Hommage à Ibrahima Kalil Keira : « Il laisse derrière lui des enfants trop jeunes… et un pays tout entier qui pleure un talent devenu trop vite un souvenir » (Rose Pola Pricemou)
À la suite des inondations meurtrières survenues dans la nuit du mardi 30 au mercredi 31 juillet à Conakry, un hommage émouvant a été rendu ce vendredi 1er août 2025 à Ibrahima Kalil Keira, Directeur Général Adjoint de l’Agence Nationale de la Sécurité des Systèmes d’Information (ANSSI), emporté par les eaux. Le bilan de cette tragédie fait état de 15 morts, 3 personnes portées disparues et d’importants dégâts matériels.

Le symposium en mémoire du défunt s’est tenu au siège de l’ARPT en présence de membres du gouvernement, de collaborateurs, d’amis et de membres de la famille. Tous sont venus saluer la mémoire d’un homme unanimement reconnu pour son professionnalisme, sa compétence et son engagement pour le développement numérique de la Guinée.
La ministre des Postes, des Télécommunications et de l’Économie numérique, Rose Pola Pricemou, a livré un témoignage particulièrement poignant.
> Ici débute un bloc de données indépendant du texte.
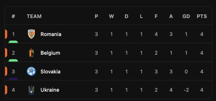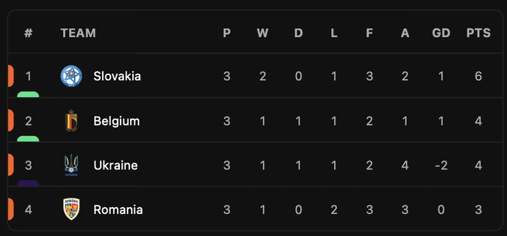 26. Словаччина вийшла вперед у матчі проти Румунії. Такий результат виводить Україну із третього місця. Бельгія – друга.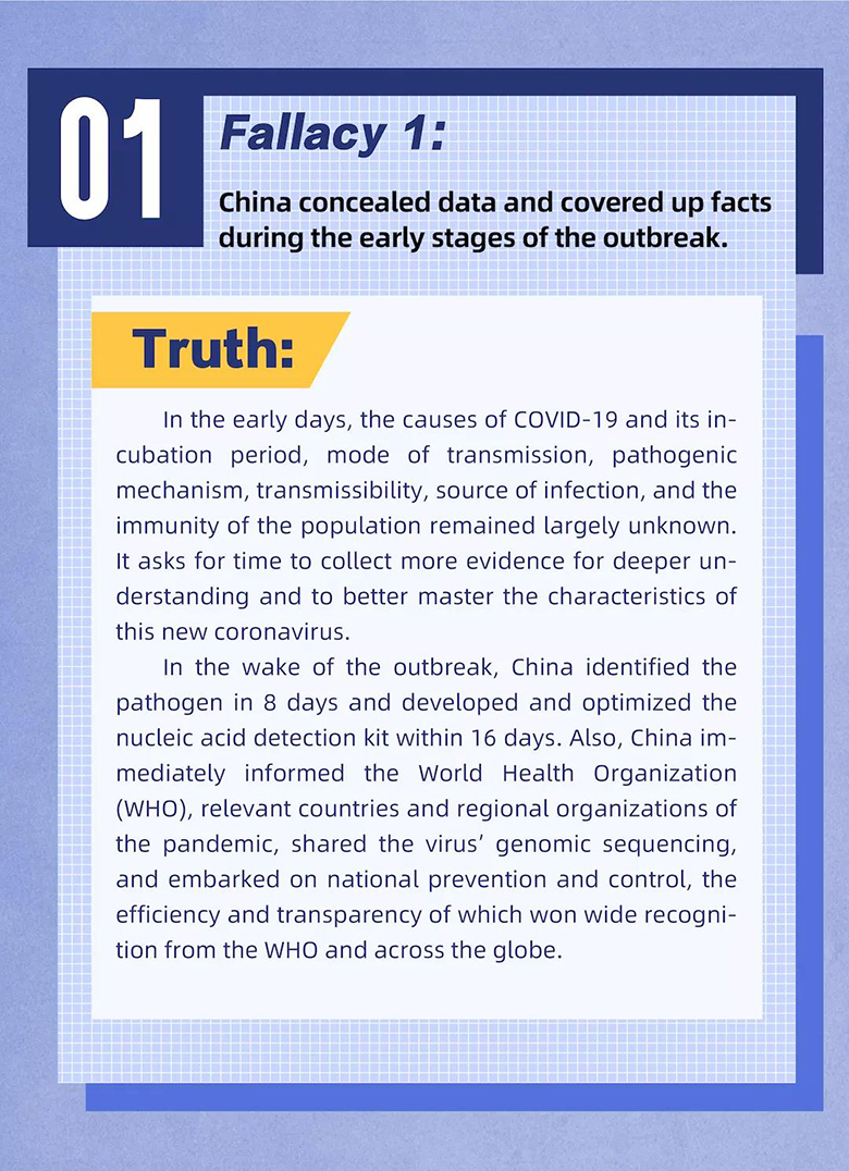 新冠肺炎疫情出現(xiàn)以來(lái),美國(guó)一些政客罔顧客觀事實(shí),一再攻擊、抹黑中國(guó)抗疫,試圖以此“甩鍋”。美國(guó)國(guó)會(huì)眾議院外交事務(wù)委員會(huì)共和黨人邁克爾·麥考爾近期公布所謂報(bào)告,即延續(xù)這一“風(fēng)格”。看圖對(duì)照部分謊言謬論,還原真相。

« Je prends la parole aujourd’hui pour rendre hommage à un homme d’exception, un collègue, un frère, un patriote, un pilier de notre écosystème numérique, fauché bien trop tôt, brutalement, par les intempéries qui ont endeuillé notre capitale. Ibrahima Kalil Keira était un cadre brillant, un esprit vif, une âme profondément humaine. Il avait fait le choix, rare et noble, de quitter le confort d’une vie en France pour revenir servir son pays », a-t-elle déclaré avec émotion.
Poursuivant son hommage, la ministre a évoqué la douleur laissée par ce départ brutal :
« Il laisse derrière lui des enfants trop jeunes, une épouse, une mère meurtrie aux États-Unis, des collègues effondrés… et un pays tout entier qui pleure un talent devenu trop vite un souvenir. Mais ce souvenir, nous ne le laisserons pas s’effacer. Il vivra dans les projets qu’il a lancés, dans les jeunes qu’il a formés, dans les combats que nous poursuivons. Il vivra dans cette Semaine du numérique 2025 qu’il préparait avec tant d’enthousiasme et qu’il ne verra malheureusemen pas. Comme il l’écrivait en janvier dernier :
« Peut-être que tu n’existeras pas dans le futur pour lequel tu te stresses. » Mais nous, nous y penserons pour deux et nous t’y honorerons comme il se doit peut-être à travers un prix qui portera ton nom. Ton nom restera gravé dans notre histoire, et ton sourire, lui, ne s’éteindra jamais. Que Dieu t’accueille dans Sa lumière et te récompense pour tout ce que tu as donné à ton pays. »

Une prière funèbre est prévue à la mosquée de Nongo, avant l’inhumation d’Ibrahima Kalil Keira au cimetière de Contéyah.